» Data section
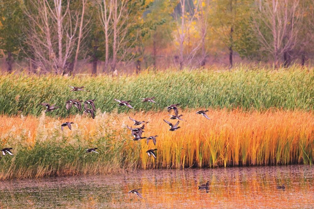 沿著黃河岸邊的公路前行,不遠處便是龍游灣國家濕地公園。這里的秋景更是別有一番風(fēng)味。樹木褪去了翠綠,換上了耀眼的金黃,廣袤的田野里,一捆捆草垛錯落有致地散布在草地上,訴說著豐收的喜悅。遠處的蘆葦蕩與天際線相連,蘆葦花在風(fēng)中輕舞,時而聚攏、時而散開,與水面上掠過的水鳥構(gòu)成靈動的剪影。林間的候鳥也多了起來,一群群白鷺在水面上盤旋,偶爾俯沖下去,叼起一條小魚,然后又展翅飛向遠方,給這片寧靜的濕地增添了幾分生機與活力。
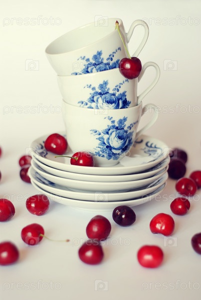 Чашки с блюдцами и вишни на белом фоне
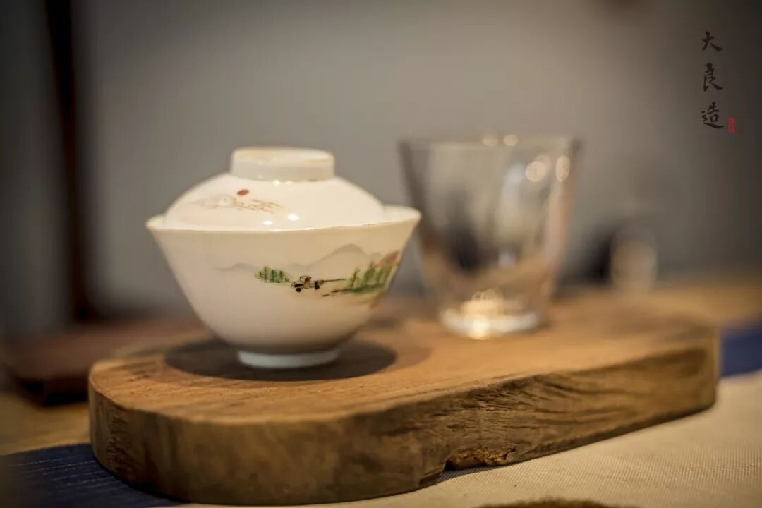 备好老茶盘和老茶碗,先欣赏干茶,闻干茶的香气。再用100度开水冲泡,快速注水,快速盖上盖碗。

» Directions
Exact copy, pictures excluded: repeat the lines from the top of the material through the line with "Чашки с блюдцами и вишни на белом фоне".

» Response box
 沿著黃河岸邊的公路前行,不遠處便是龍游灣國家濕地公園。這里的秋景更是別有一番風(fēng)味。樹木褪去了翠綠,換上了耀眼的金黃,廣袤的田野里,一捆捆草垛錯落有致地散布在草地上,訴說著豐收的喜悅。遠處的蘆葦蕩與天際線相連,蘆葦花在風(fēng)中輕舞,時而聚攏、時而散開,與水面上掠過的水鳥構(gòu)成靈動的剪影。林間的候鳥也多了起來,一群群白鷺在水面上盤旋,偶爾俯沖下去,叼起一條小魚,然后又展翅飛向遠方,給這片寧靜的濕地增添了幾分生機與活力。
 Чашки с блюдцами и вишни на белом фоне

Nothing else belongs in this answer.